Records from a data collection
╭──

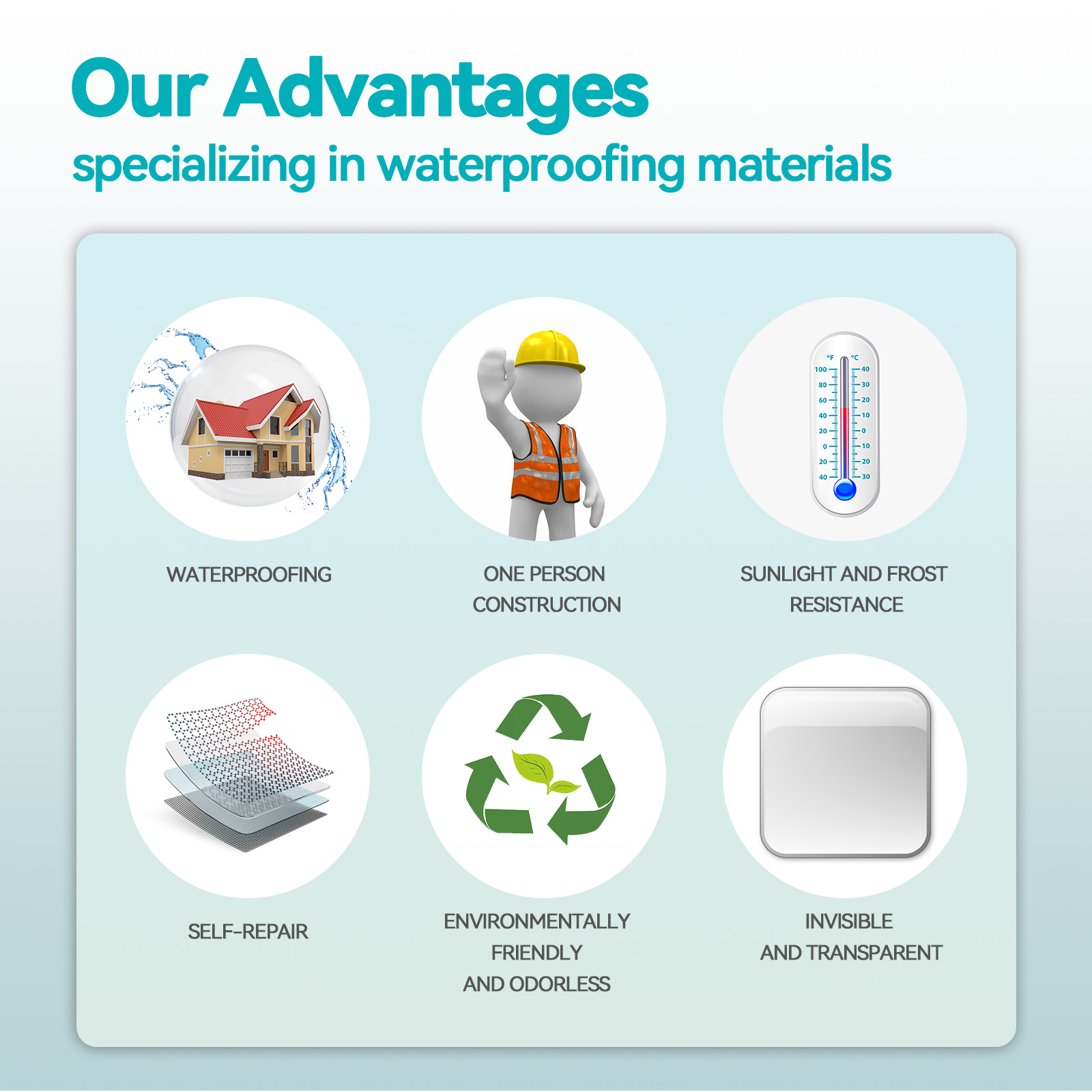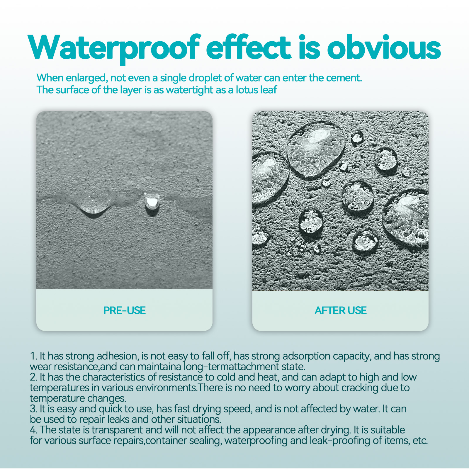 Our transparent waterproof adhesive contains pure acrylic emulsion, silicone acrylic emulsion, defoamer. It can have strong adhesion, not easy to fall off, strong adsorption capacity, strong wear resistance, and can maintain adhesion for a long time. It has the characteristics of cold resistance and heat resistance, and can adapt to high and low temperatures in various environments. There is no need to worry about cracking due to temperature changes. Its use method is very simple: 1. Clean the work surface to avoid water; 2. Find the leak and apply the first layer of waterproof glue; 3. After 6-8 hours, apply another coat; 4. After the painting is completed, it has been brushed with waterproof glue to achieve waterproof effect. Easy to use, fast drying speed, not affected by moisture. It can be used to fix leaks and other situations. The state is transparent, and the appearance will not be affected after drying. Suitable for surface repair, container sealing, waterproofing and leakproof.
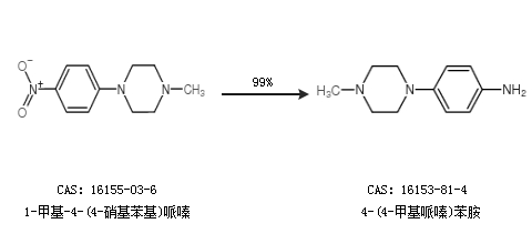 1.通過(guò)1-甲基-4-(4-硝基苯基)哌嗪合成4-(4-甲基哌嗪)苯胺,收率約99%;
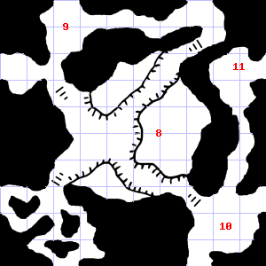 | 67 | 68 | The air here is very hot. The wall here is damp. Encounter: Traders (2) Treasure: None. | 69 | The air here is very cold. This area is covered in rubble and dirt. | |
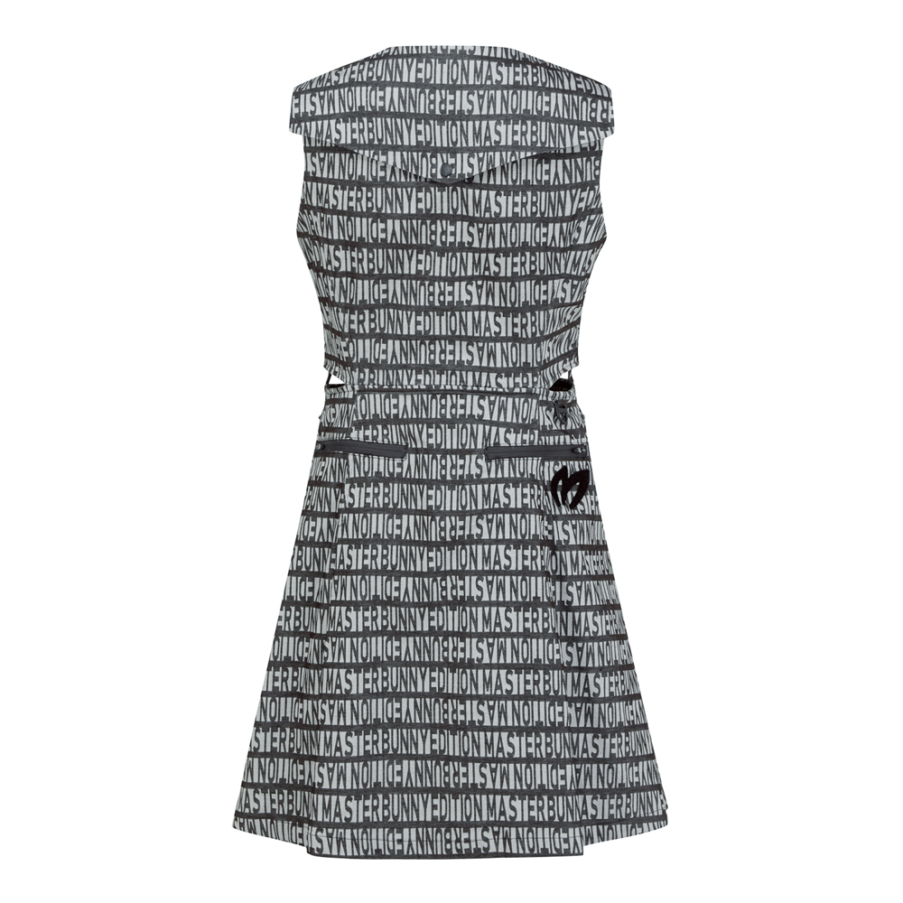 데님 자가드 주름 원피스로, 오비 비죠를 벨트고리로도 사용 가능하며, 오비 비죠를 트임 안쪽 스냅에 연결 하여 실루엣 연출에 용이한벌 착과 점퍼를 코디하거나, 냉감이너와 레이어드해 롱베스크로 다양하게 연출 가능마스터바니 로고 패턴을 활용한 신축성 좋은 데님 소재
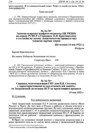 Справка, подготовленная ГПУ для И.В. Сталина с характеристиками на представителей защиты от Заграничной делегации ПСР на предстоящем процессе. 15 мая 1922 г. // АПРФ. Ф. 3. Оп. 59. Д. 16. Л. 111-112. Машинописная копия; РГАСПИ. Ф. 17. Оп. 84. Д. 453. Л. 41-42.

╰──

Reproduce every line above exactly, pictures excluded.

▶ [Output of the task]
 Our transparent waterproof adhesive contains pure acrylic emulsion, silicone acrylic emulsion, defoamer. It can have strong adhesion, not easy to fall off, strong adsorption capacity, strong wear resistance, and can maintain adhesion for a long time. It has the characteristics of cold resistance and heat resistance, and can adapt to high and low temperatures in various environments. There is no need to worry about cracking due to temperature changes. Its use method is very simple: 1. Clean the work surface to avoid water; 2. Find the leak and apply the first layer of waterproof glue; 3. After 6-8 hours, apply another coat; 4. After the painting is completed, it has been brushed with waterproof glue to achieve waterproof effect. Easy to use, fast drying speed, not affected by moisture. It can be used to fix leaks and other situations. The state is transparent, and the appearance will not be affected after drying. Suitable for surface repair, container sealing, waterproofing and leakproof.
 1.通過(guò)1-甲基-4-(4-硝基苯基)哌嗪合成4-(4-甲基哌嗪)苯胺,收率約99%;
 | 67 | 68 | The air here is very hot. The wall here is damp. Encounter: Traders (2) Treasure: None. | 69 | The air here is very cold. This area is covered in rubble and dirt. | |
 데님 자가드 주름 원피스로, 오비 비죠를 벨트고리로도 사용 가능하며, 오비 비죠를 트임 안쪽 스냅에 연결 하여 실루엣 연출에 용이한벌 착과 점퍼를 코디하거나, 냉감이너와 레이어드해 롱베스크로 다양하게 연출 가능마스터바니 로고 패턴을 활용한 신축성 좋은 데님 소재
 Справка, подготовленная ГПУ для И.В. Сталина с характеристиками на представителей защиты от Заграничной делегации ПСР на предстоящем процессе. 15 мая 1922 г. // АПРФ. Ф. 3. Оп. 59. Д. 16. Л. 111-112. Машинописная копия; РГАСПИ. Ф. 17. Оп. 84. Д. 453. Л. 41-42.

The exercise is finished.